SelectHub is a startup that believes information should be democratized and free. Because of this, they offer an incredible free service where you can find the software you need through a series of personalized suggested criteria. Suppose you are procuring a CRM system; by using SelectHub, you receive a ranked list of the most suitable CRM systems based on 150 criteria tailored to your needs, which includes the number of employees in your company, the type of service, annual turnover, etc.
The fact that this stems from their values is a very noble thing; however, behind this service, which required enormous effort to develop, lies a marketing strategy. By the principle of reciprocity, visitors to their platform who use this service feel obliged to purchase the software they were recommended through them. It is precisely at that moment, when a platform visitor wants to find out the price of a CRM system, that SelectHub offers them the opportunity to make contact (converting a website visitor into a lead).
2. Liking: why we buy from people we like
The principle of liking is based on the idea that people are more likely to say 'yes' to those they know and like. This principle emphasizes the importance of building relationships, establishing good rapport, and creating a sense of connection with potential customers. By appealing to their personal preferences, similarities, and common interests, businesses can significantly enhance their persuasion efforts..
In the business world, consultants, managers, and marketing experts skillfully use this principle through
In the era of social media, influencer marketing has become a powerful tool for businesses. By collaborating with influential individuals who connect with the target audience, brands can leverage the principle of liking. When consumers see their favorite influencers endorsing a product or service, there is a higher likelihood that they will perceive it positively and develop a preference for it.
Employees as brend ambassadors
Businesses can also leverage the principle of liking internally. Encouraging employees to become brand advocates and share their positive experiences with the company creates a sense of authenticity and trust. Consumers are more likely to engage with businesses when they see genuine recommendations from employees they know and trust.
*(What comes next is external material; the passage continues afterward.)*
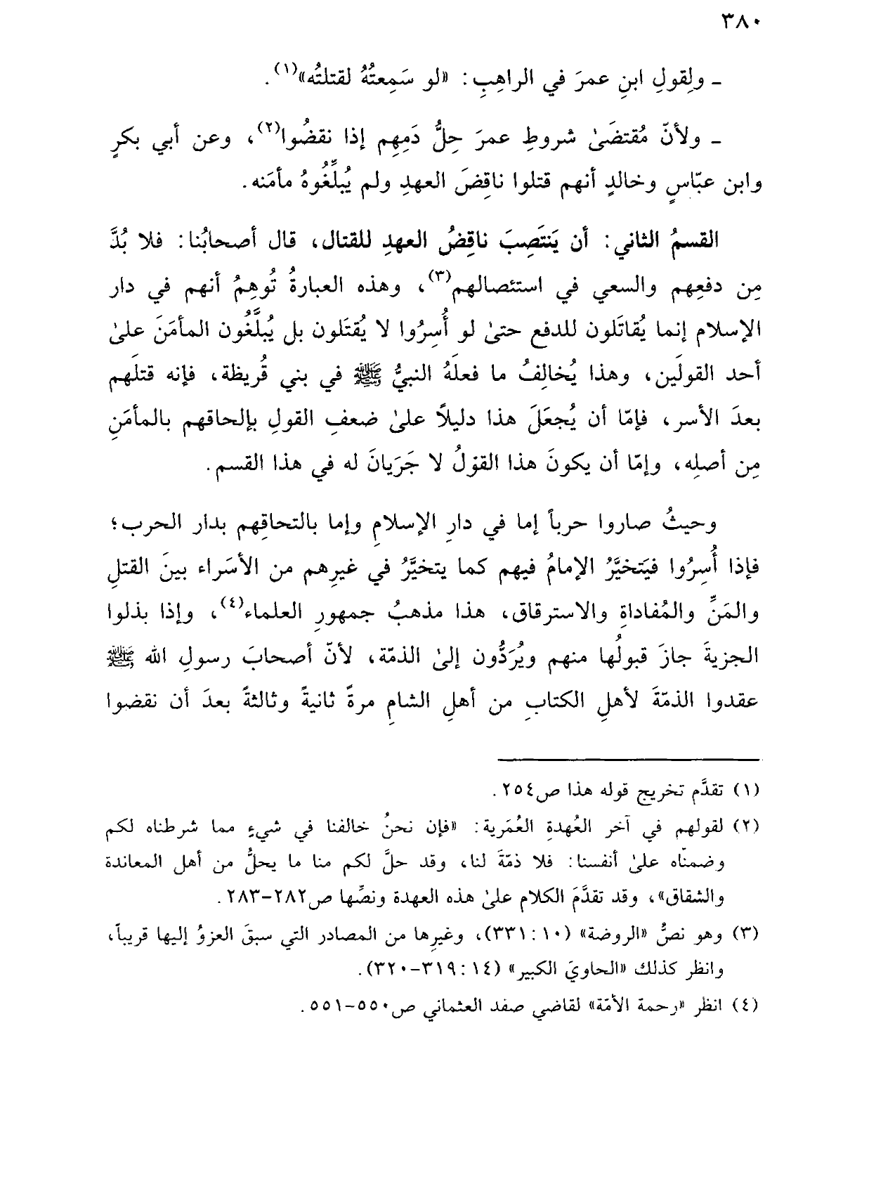 - ولأن مقتضى شروط عمر حل دمهم إذا نقضوا، وعن أبي بكر وابن عباس وخالد أنهم قتلوا ناقض العهد ولم يبلغوه مأمنه.

Personalization is another effective way to apply the liking principle. By tailoring marketing messages, offers, and recommendations to individual consumers based on their preferences and past behavior, businesses can create a sense of closeness and connection. This increases the likelihood that consumers will view the brand and its offerings positively.
Building relationships with customers
Establishing long-term relationships with customers is a fundamental aspect of the liking principle. Businesses can invest time and effort in understanding their needs and preferences to build trust and loyalty. Consistently delivering value and providing exceptional customer support further solidify these relationships, creating a positive association with the brand.
Appealing to a common identity is a powerful way to utilize the liking principle. For example, brands that align with a specific socially beneficial goal or belief system that resonates with the target audience can develop a sense of shared values. This strengthens the connection between the brand and consumers, making them more inclined to choose that brand over competitors.
The principles of reciprocity and liking are powerful forces in the world of business communication. By understanding the psychological factors that influence why people trust those who have done them a favor and those they know and like, businesses can enhance their sales and marketing strategies.
In addition to these principles, there are four more that are widely used in marketing and business to increase the likelihood that a consumer chooses a particular product. The explosion of e-commerce has resulted in today's market being an attention economy, and using subtle marketing techniques provides a crucial advantage in that market.